“I’m Paul Whiteman.”
“Wyman?”
“Whiteman. Whiteman.”
“Ohhhhh yeah, Whiteman. You’re the guy’s got that hillbilly band playing over at Piping Rock. You don’t mean nothing to me, bud. Go see the manager if you want chips.”
They fired Billy twenty minutes later. Orders from above. From those who didn’t want to make enemies of Paul the Man. Lemon Lewis came over to the table and said, “I hate to do it, Billy, but we gotta can you. I’ll call over to Newman’s and the Chicago Club, see what they got going.”
And two hours after that Billy was back to work, with cards this time, sleek and sharp, full of unpredictable combinations.

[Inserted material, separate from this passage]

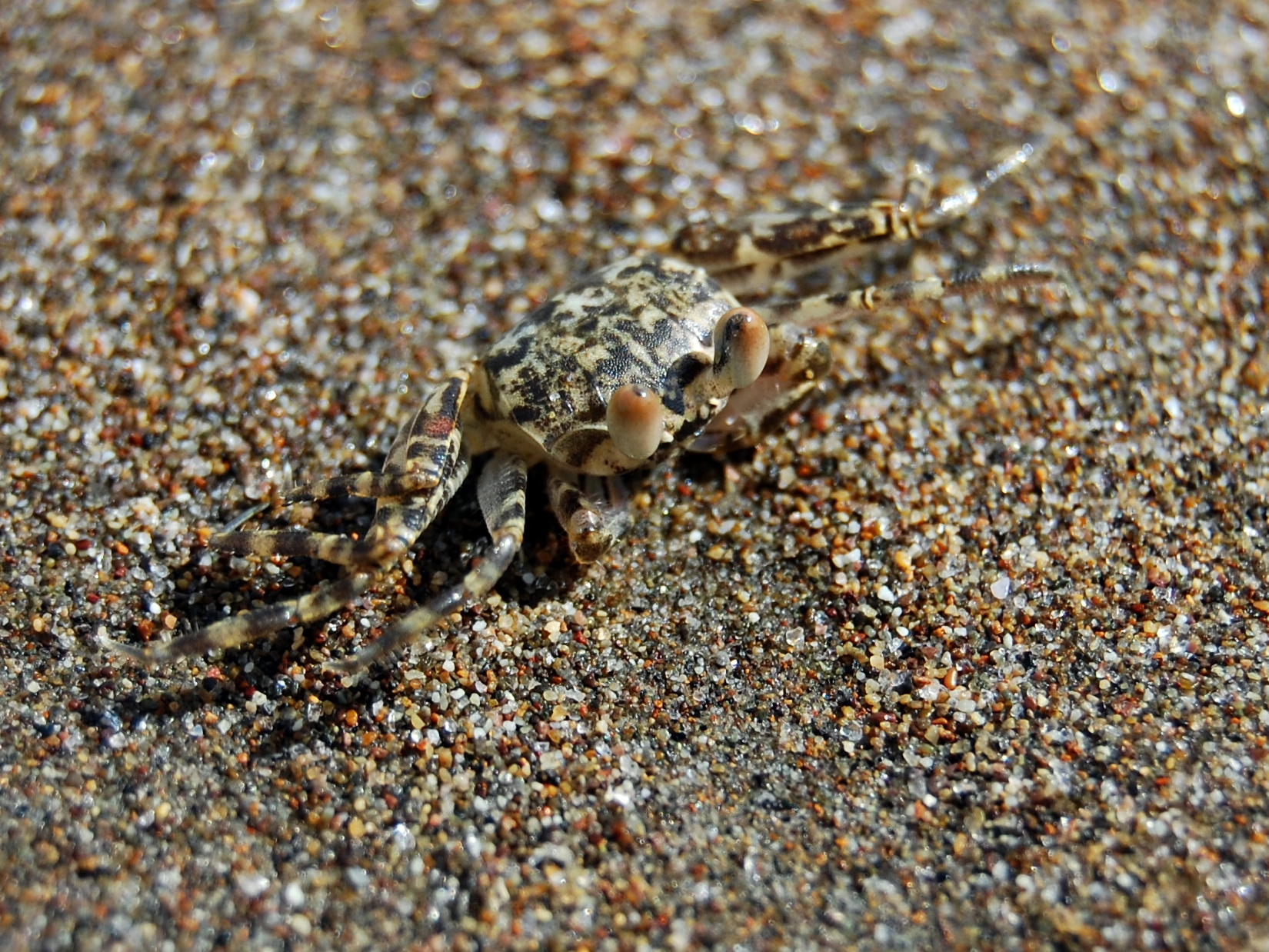 Kuhl's ghost crab, Ocypode kuhlii. Palabuhanratu, West Java, Indonesia.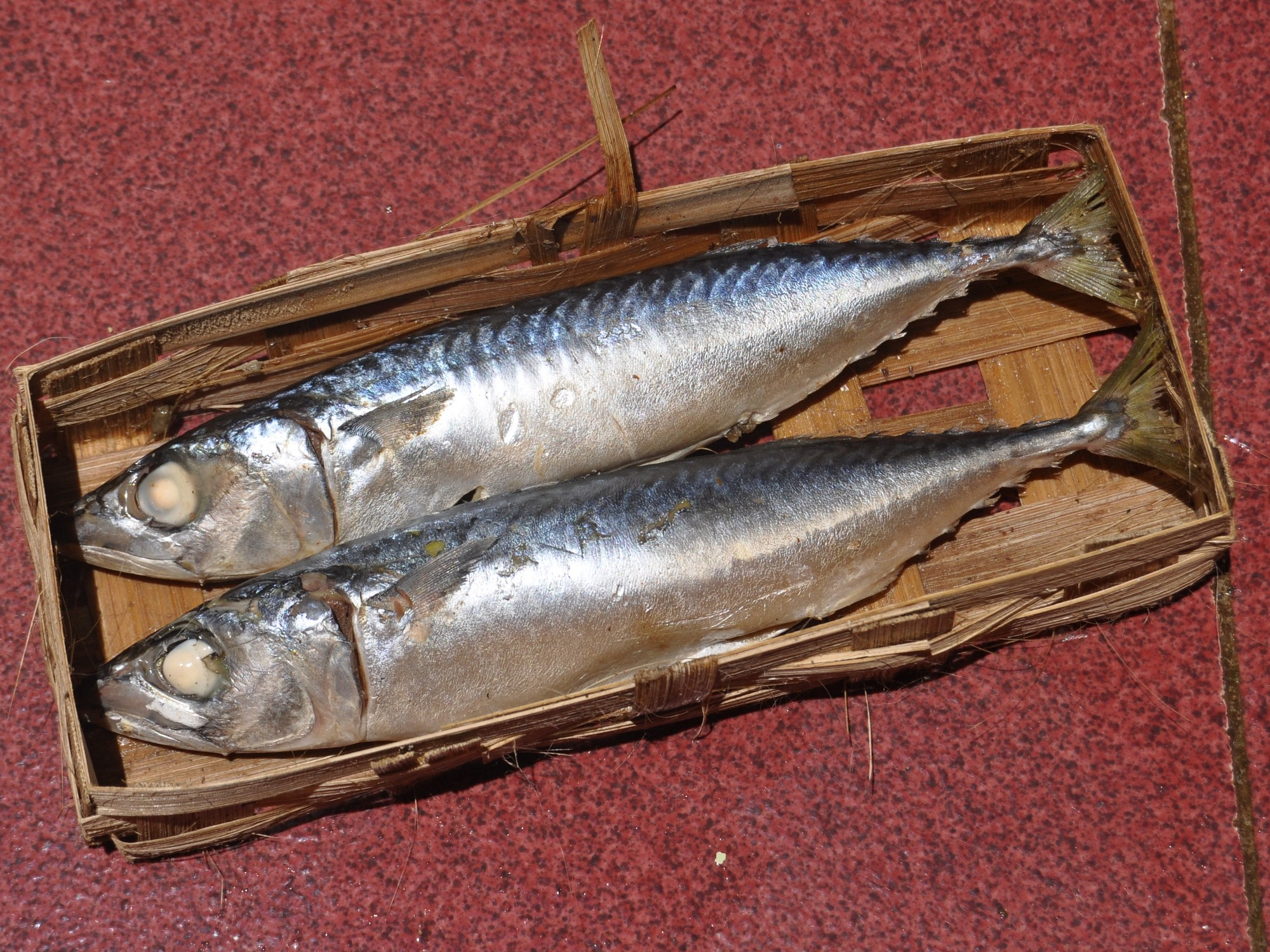 Pacific Chub Mackerel, Scomber japonicus; salted, steamed. From local market in Bogor, West Java, Indonesia.

Billy, maybe the best dealer around, pound for pound, you name the game, such a snappy kid, Billy.
He was in Saratoga that year because one night a month earlier he was hanging around Broadway in Albany when Bindy McCall came by, Bindy, in the tan fedora with the flowerpot crown, had connections and investments in Saratoga gambling, a natural by-product of his control of all the action in Albany, all of it: gambling houses, horse rooms, policy, clearing house, card games, one-armed bandits, punch boards. Playing games in Albany meant you first got the okay from Bindy or one of his lieutenants, then delivered your dues, which Bindy counted nightly in his office on Lodge Street. The tribute wasn’t Bindy’s alone. It sweetened the kitty for the whole McCall machine.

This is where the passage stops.